What to do: Return the records exactly as they stand, and keep the pictures out of the copy.

(Data excerpts)

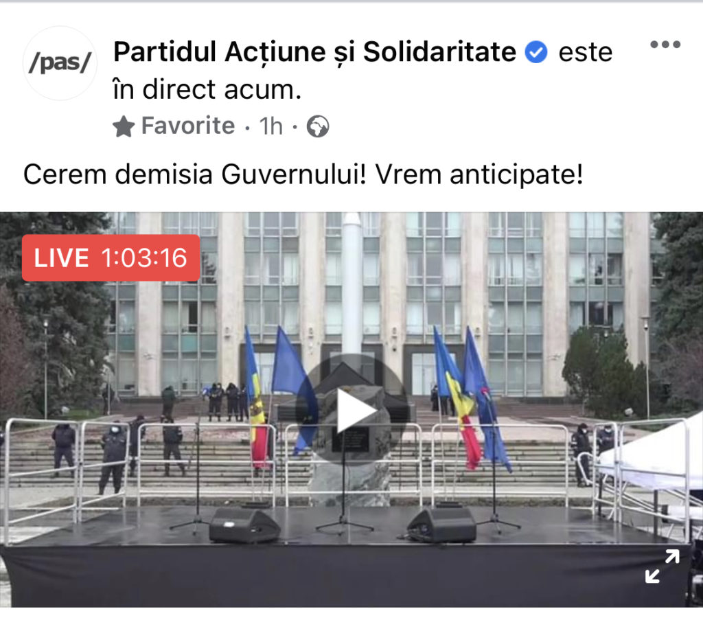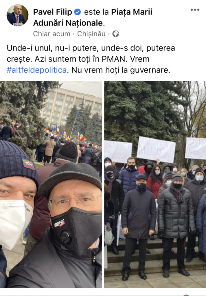 Începând cu ora 11:00, în PMAN a început protestul anunțat de Maia Sandu, dar organizat de PAS, PN, PRO Moldova și PDM.
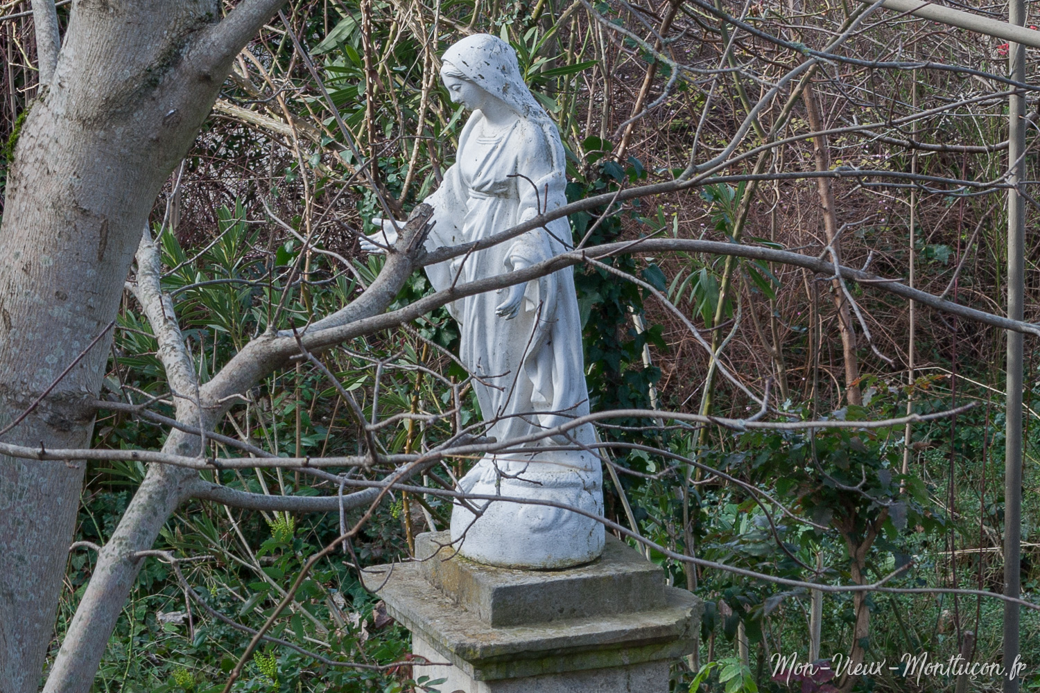 2 rue de la Fontaine : selon la saison, on peut plus ou moins apercevoir cette statue de la Vierge par l'esplanade du MuPop
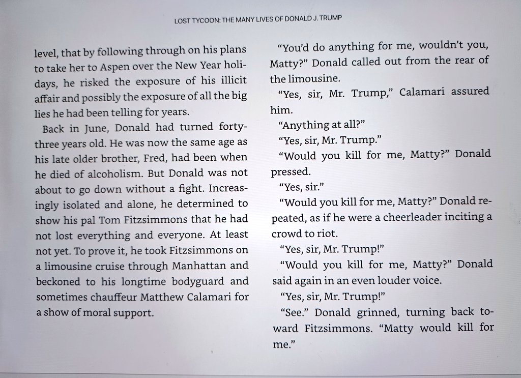 There are many horrific anecdotes in "Lost Tycoon" involving Trump urging someone to commit violence on his behalf. Here is one where he goads future Trump Org COO Matthew Calamari -- then his bodyguard-- to kill for him:
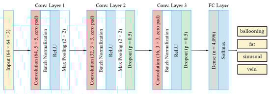 - In the first convolution layer, 64 convolution filters consisting of a 5-by-5 kernel size are defined to detect “low-level” features, such as edges, from the raw image data. In each convolution operation, zero-padding is utilized to assign 0 values around the inputs to maintain an output size equal to the input of each kernel filter [14]. Subsequently, batch normalization is applied to normalize the convolved values, as well as the Rectified Linear Unit (ReLU), being the nonlinear activation function, which is considered ideal for minimizing the vanishing gradient problem [15]. Even though ReLUs are widely used in most deep learning applications, their unboundedness on the positive side tends to cause overfitting. To circumvent this issue, max pooling filtering with a stride of 2 is set to decrease overfitting by reducing the spatial size (width and height) of the data representation [16].
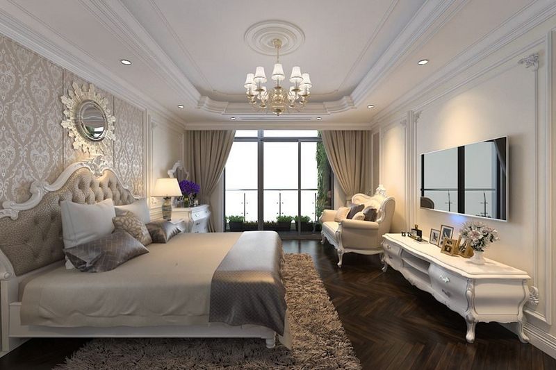 Kệ tủ tivi gỗ tự nhiên màu trắng tân cổ điển đẹp mắt thu hút bởi đường cong chạm khắc tỉ mỉ điêu luyện
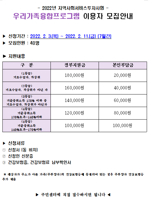 우리가족융합프로그램 이용자 모집 안내

Answer below:
 Începând cu ora 11:00, în PMAN a început protestul anunțat de Maia Sandu, dar organizat de PAS, PN, PRO Moldova și PDM.
 2 rue de la Fontaine : selon la saison, on peut plus ou moins apercevoir cette statue de la Vierge par l'esplanade du MuPop
 There are many horrific anecdotes in "Lost Tycoon" involving Trump urging someone to commit violence on his behalf. Here is one where he goads future Trump Org COO Matthew Calamari -- then his bodyguard-- to kill for him:
 - In the first convolution layer, 64 convolution filters consisting of a 5-by-5 kernel size are defined to detect “low-level” features, such as edges, from the raw image data. In each convolution operation, zero-padding is utilized to assign 0 values around the inputs to maintain an output size equal to the input of each kernel filter [14]. Subsequently, batch normalization is applied to normalize the convolved values, as well as the Rectified Linear Unit (ReLU), being the nonlinear activation function, which is considered ideal for minimizing the vanishing gradient problem [15]. Even though ReLUs are widely used in most deep learning applications, their unboundedness on the positive side tends to cause overfitting. To circumvent this issue, max pooling filtering with a stride of 2 is set to decrease overfitting by reducing the spatial size (width and height) of the data representation [16].
 Kệ tủ tivi gỗ tự nhiên màu trắng tân cổ điển đẹp mắt thu hút bởi đường cong chạm khắc tỉ mỉ điêu luyện
 우리가족융합프로그램 이용자 모집 안내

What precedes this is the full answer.